- _Brief_
Write out the data exactly, please, and omit the pictures.

Source data
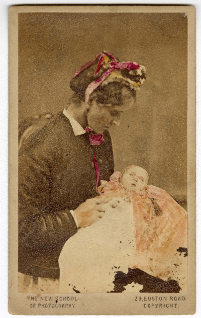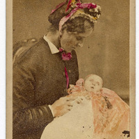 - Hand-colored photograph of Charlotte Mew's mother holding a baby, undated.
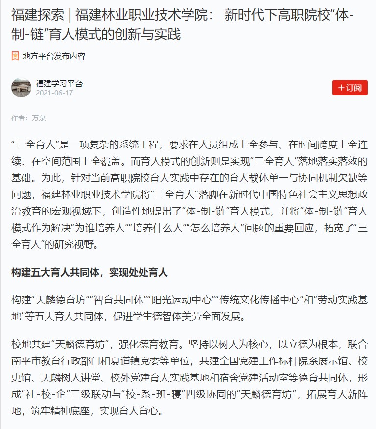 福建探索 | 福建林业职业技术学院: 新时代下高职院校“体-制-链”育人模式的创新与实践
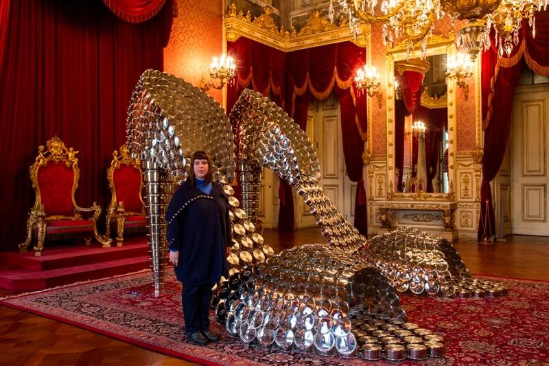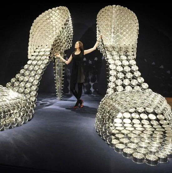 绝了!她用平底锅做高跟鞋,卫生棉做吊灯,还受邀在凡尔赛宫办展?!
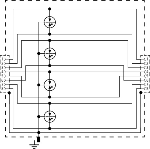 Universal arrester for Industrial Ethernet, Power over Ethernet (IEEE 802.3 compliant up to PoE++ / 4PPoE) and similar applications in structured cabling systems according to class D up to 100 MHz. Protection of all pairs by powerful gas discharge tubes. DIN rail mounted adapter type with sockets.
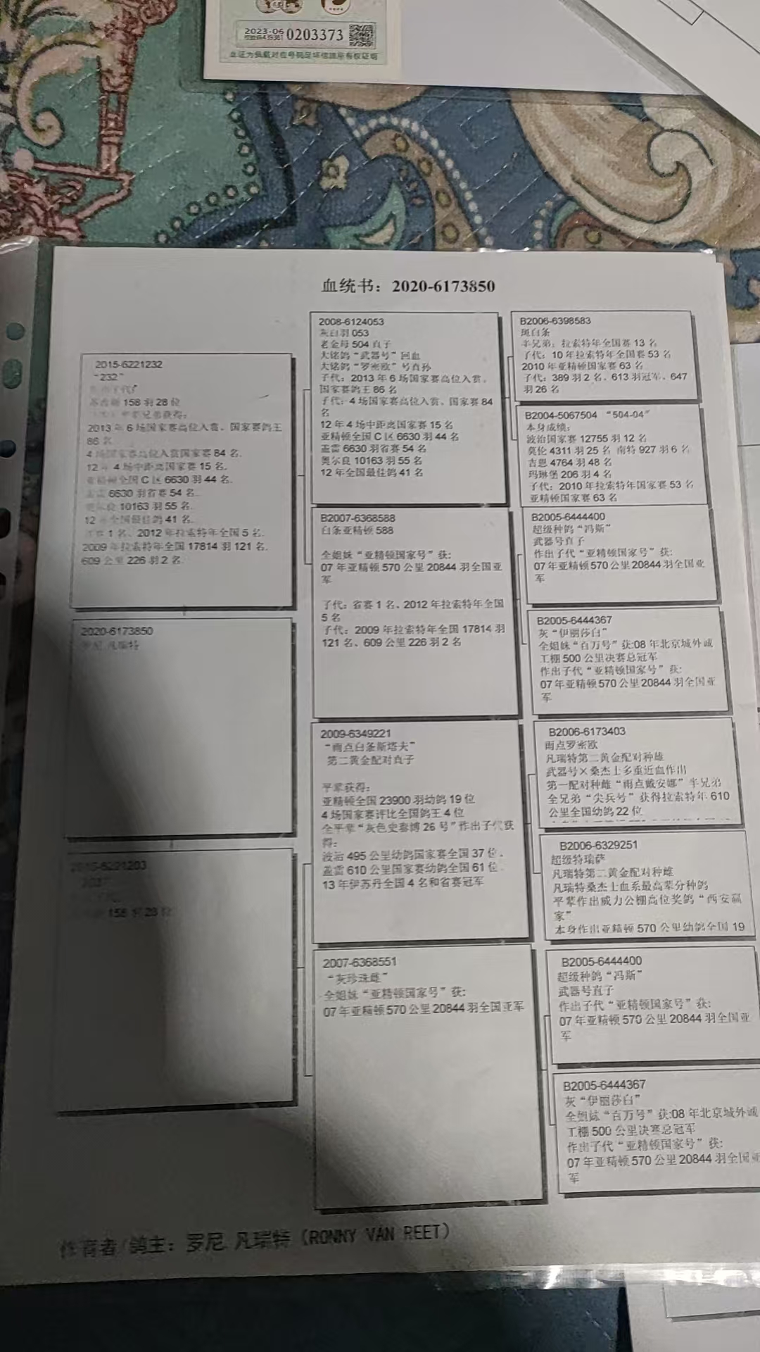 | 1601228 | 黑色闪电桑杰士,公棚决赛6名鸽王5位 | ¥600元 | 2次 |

- _Worked solution_
 - Hand-colored photograph of Charlotte Mew's mother holding a baby, undated.
 福建探索 | 福建林业职业技术学院: 新时代下高职院校“体-制-链”育人模式的创新与实践
 绝了!她用平底锅做高跟鞋,卫生棉做吊灯,还受邀在凡尔赛宫办展?!
 Universal arrester for Industrial Ethernet, Power over Ethernet (IEEE 802.3 compliant up to PoE++ / 4PPoE) and similar applications in structured cabling systems according to class D up to 100 MHz. Protection of all pairs by powerful gas discharge tubes. DIN rail mounted adapter type with sockets.
 | 1601228 | 黑色闪电桑杰士,公棚决赛6名鸽王5位 | ¥600元 | 2次 |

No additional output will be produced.